Ever since I was a kid, there's been a melancholy associated with the month of August. Here in New England, around this time, the katydids start with their distinctive call: three buzzes, a pause, three buzzes. As a kid, these bugs alerted me to the fact that summer vacation was ending.
In June, I wouldn’t even think of the end of summer—two and a half months of freedom, of playing outside, seeing cousins, going to Cape Cod, reading whatever I wanted. We’d play in the woods, make forts, ride my horse. My sister and I would sit on the edge of the feed barrels in the barn and talk as we slid our bare feet in the cracked corn or slippery oats. Andy, our barn cat, might make an appearance. The goat would mill about, and the horse would swish away flies with her tail. Our feet were perpetually dirty, the sign of a life well-lived.

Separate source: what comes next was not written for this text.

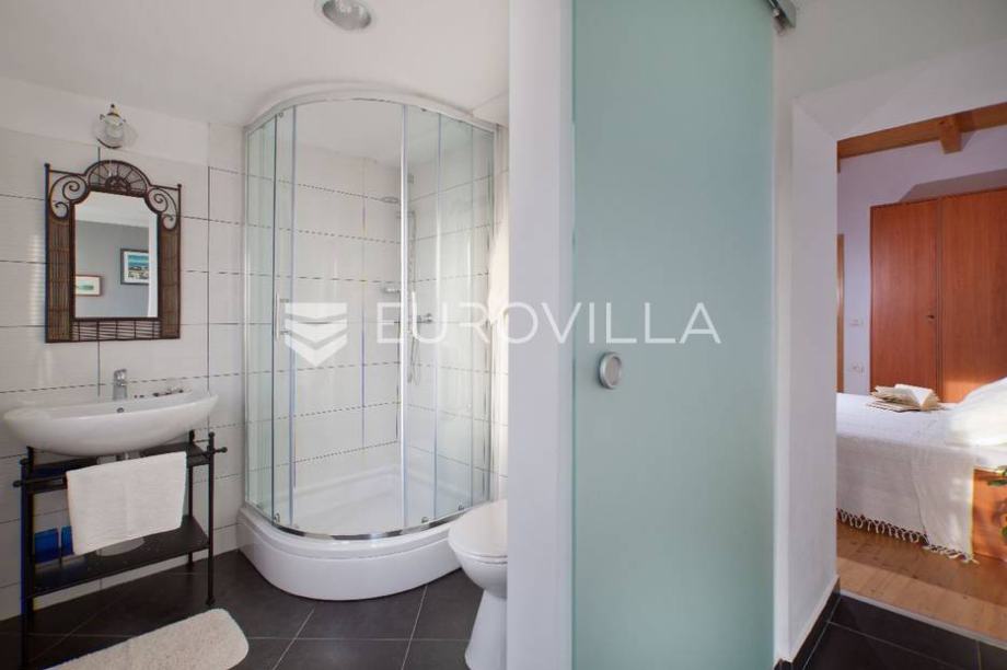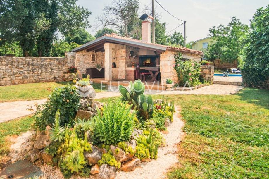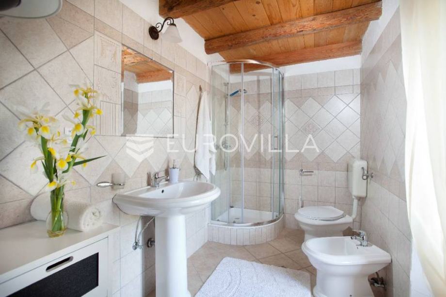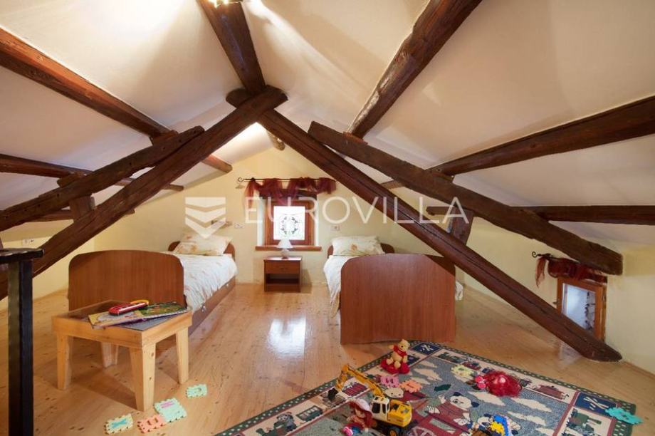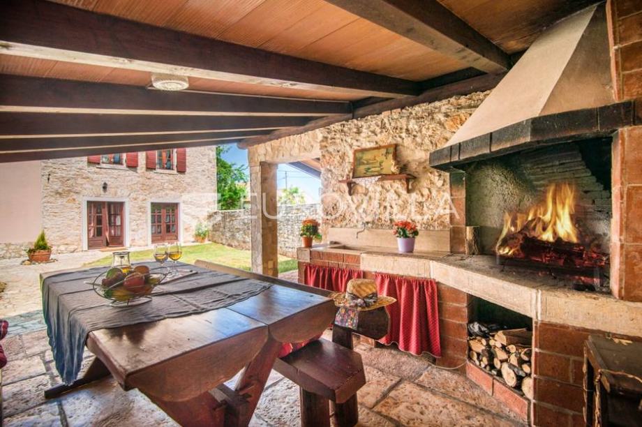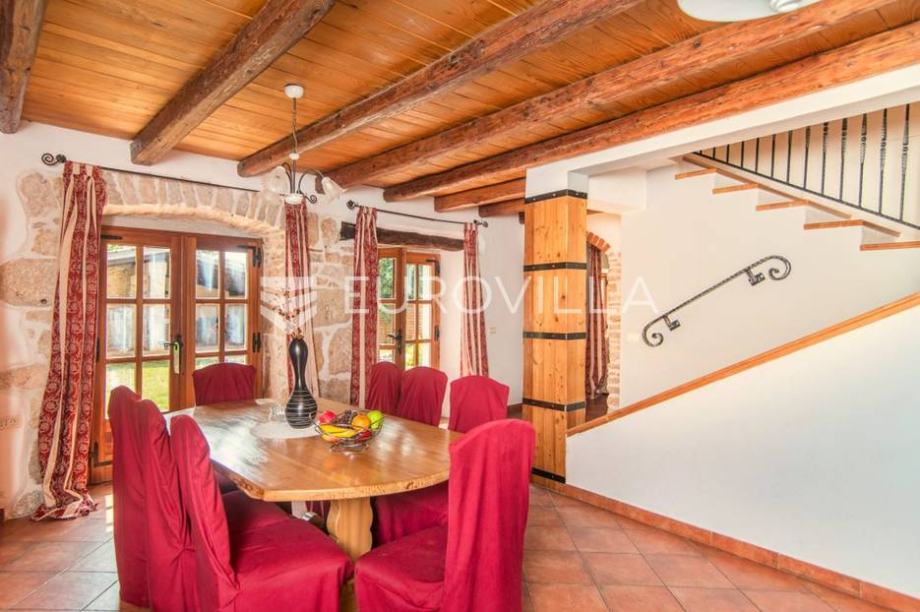 Ulaskom u kamenu vilu nalazi se manje ulazno predvorje s odvojenom gostinjskom kupaonicom. Isto se predvorje dalje spaja s prostranim i toplim dnevnim boravkom. Glavnu točku dnevnog prostora zauzima originalno i funkcionalno kameno ognjište idealno za grijanje cijeloga prostora tijekom hladnijih...

And then those katydids would start at night, and we were reminded that summer was winding down. Our mom would schedule a trip to Sears, where we’d get most of our back-to-school clothes: corduroys and sweaters, shirts with big collars, stiff new school shoes. In fact, that’s what those katydids seemed to say to me: “New school shoes. New school shoes.”

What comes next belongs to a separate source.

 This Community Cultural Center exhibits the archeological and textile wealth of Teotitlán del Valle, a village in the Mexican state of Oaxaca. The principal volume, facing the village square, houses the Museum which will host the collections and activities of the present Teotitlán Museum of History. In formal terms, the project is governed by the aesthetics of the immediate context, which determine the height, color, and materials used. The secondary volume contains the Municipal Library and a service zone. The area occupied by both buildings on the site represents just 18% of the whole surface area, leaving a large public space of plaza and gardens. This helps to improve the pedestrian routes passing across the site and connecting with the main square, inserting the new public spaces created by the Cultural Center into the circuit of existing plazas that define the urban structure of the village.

I’d reassure myself that summer was still flush, that I wouldn’t have to go back till September, and that I should put school out of my mind. But I also had to clean out my bureau, pass the clothes that no longer fit to my sister or cousins. Melancholy suffused on the air as thick as the August humidity.
Before my kids were school-age, I loved this time of year. Older kids would have to go back to school; I’d hear the hiss of the brakes on the school bus as the drivers practiced their routes, and I’d be smug with the knowledge that I’d have this time with my little ones. We’d go to the much less crowded Cape in September, not having to worry about making a left hand turn onto Route 6. No lines at Arnold’s or Ben & Jerry’s. Free parking at the beaches.

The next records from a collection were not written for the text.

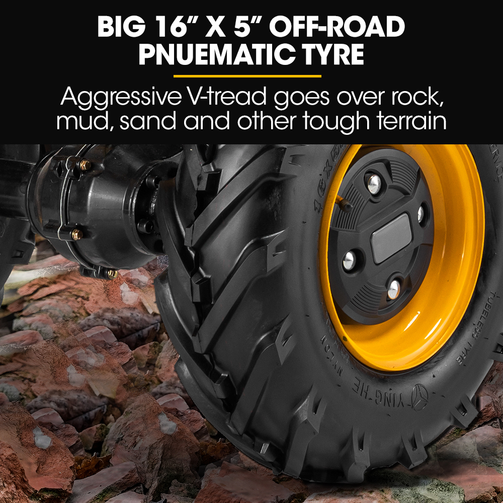 - Large front tyres (16 x 5 inches) with deep V-tread for superior traction
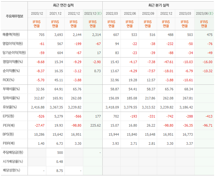 2022년 매출은 2144억, 영업이익은 -199억, 당기순이익은 -67억입니다. 그리고 영업이익률은 -9.29%입니다.
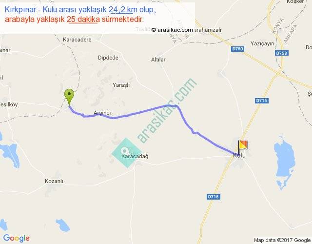 Kırkpınar - Kulu arası yaklaşık olarak 90 km/h ile yukarıda belirtilen sürede olup, iki yerin kuş uçuşu uzaklığı (mesafesi) 21'dir. Yolculuk otobüsle 32 dakika sürmektedir.
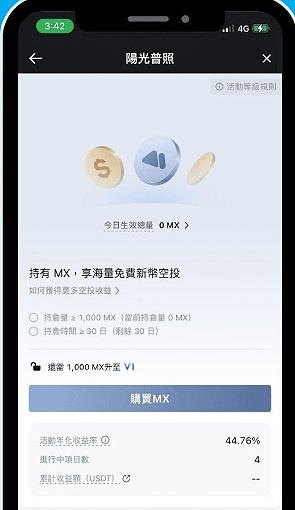阳光普照是抹茶推出的代币空投活动,持有越多的MX币,就能获得越多的免费空投。
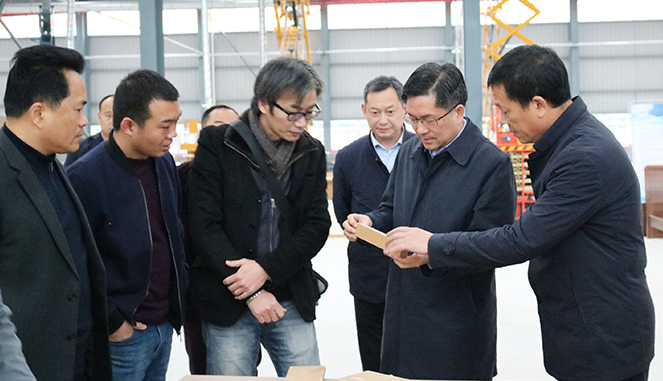 在智慧小镇智能制造一期智能家居生产现场。智能家居负责人叶凯东汇报了智能家居的试生产情况,介绍了家居生产的细节流程,就家居研发设计、材料选择、营销模式进行了详细阐述。张定宇副主任特别关心企业的发展,并就整体营商环境、政府政策、甚至用工情况、水电费用等细节问题进行了详细询问和了解,并提出指导意见和合理建议。
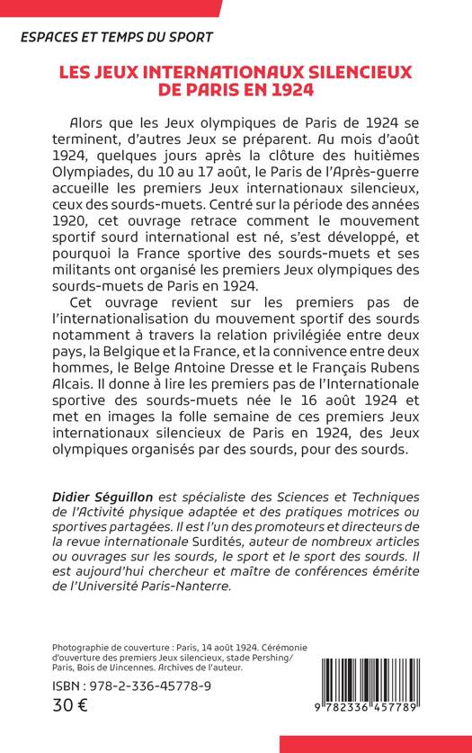 Alors que les Jeux olympiques de Paris de 1924 se terminent, d'autres Jeux se préparent. Au mois d'août 1924, quelques jours après la clôture des huitièmes Olympiades, du 10 au 17 août, le Paris de l'Après-guerre accueille les premiers Jeux internationaux silencieux, ceux des sourds-muets. Centré sur la période des années 1920, cet ouvrage retrace comment le mouvement sportif sourd international est né, s'est développé, et pourquoi la France sportive des sourds-muets et ses militants ont organisé les premiers Jeux olympiques des sourds-muets de Paris en 1924. Cet ouvrage revient sur les premiers pas de l'internationalisation du mouvement sportif des sourds notamment à travers la relation privilégiée entre deux pays, la Belgique et la France, et la connivence entre deux hommes, le Belge Antoine Dresse et le Français Rubens Alcais. Il donne à lire les premiers pas de l'Internationale sportive des sourds-muets née le 16 août 1924 et met en images la folle semaine de ces premiers Jeux internationaux silencieux de Paris en 1924, des Jeux olympiques organisés par des sourds, pour des sourds.
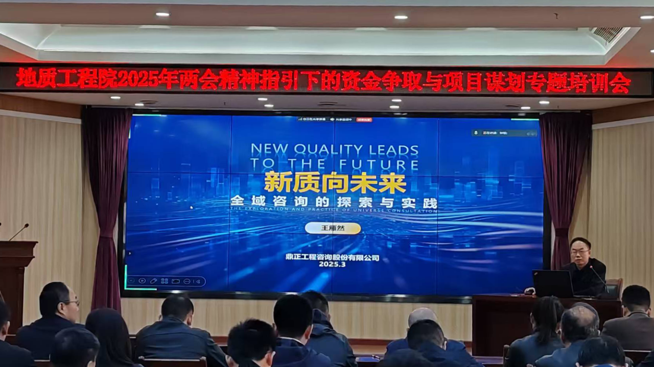 4月2日上午,湖北省城市地质工程院组织召开“2025年两会精神指引下的资金争取与项目谋划专题培训会议”,鼎正董事长王雁然、副总经理彭亮受邀担任主讲嘉宾,并作专题培训交流。
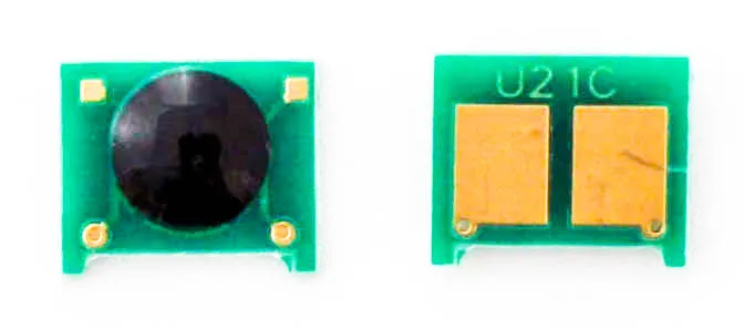 Чіп - це не велика за розміром мікросхема, в яку вшита інформація про ресурс самого картриджа, забезпечений функцією обміну даними з принтером. Простіше кажучи, завдяки чіпу апарат може порахувати кількість надрукованих сторінок. У момент, коли лічильник сторінок підійшов до кінця, ви побачите попередження про те, що картридж закінчився і його необхідно замінити, навіть якщо в бункері картриджа залишився невикористаний тонер.

When it came time for my kids to go to school, it would take weeks for me to adjust to their absence. I would be excited for them, eager to hear their stories and watch them learn and grow. I’d remind myself that it was my job to raise them, not to keep them. I never wanted to be that mom who mourned that her children were growing. Still, I had an annual period of adjustment: the first half of September felt empty and strange until my writer’s brain kicked into gear. Digger, our first dog, would perk up exactly on time to go to the bottom of our long driveway and meet the bus. Autumn, the most beautiful season in New England, would seep into the leaves and cooler air.
This year, the Princess starts working as an RN in a couple of weeks. After nineteen years of school, college, and graduate school, she has the career of her dreams. This is the first year in two decades when some form of school hasn’t been on her horizon.
Tomorrow, Dearest Son goes back to college for his senior year. We went shopping for his stuff the other day; he graciously lets me come on this annual pilgrimage, though he’s more than capable of driving himself and paying on his own. As we stood in line at Target, I said, “This is the last time we’ll be getting you back-to-school stuff.”
“Aw,” he said kindly. “Thank you for everything.” We hugged to the amusement of the check-out clerk.
Those dang katydids. They get me every year.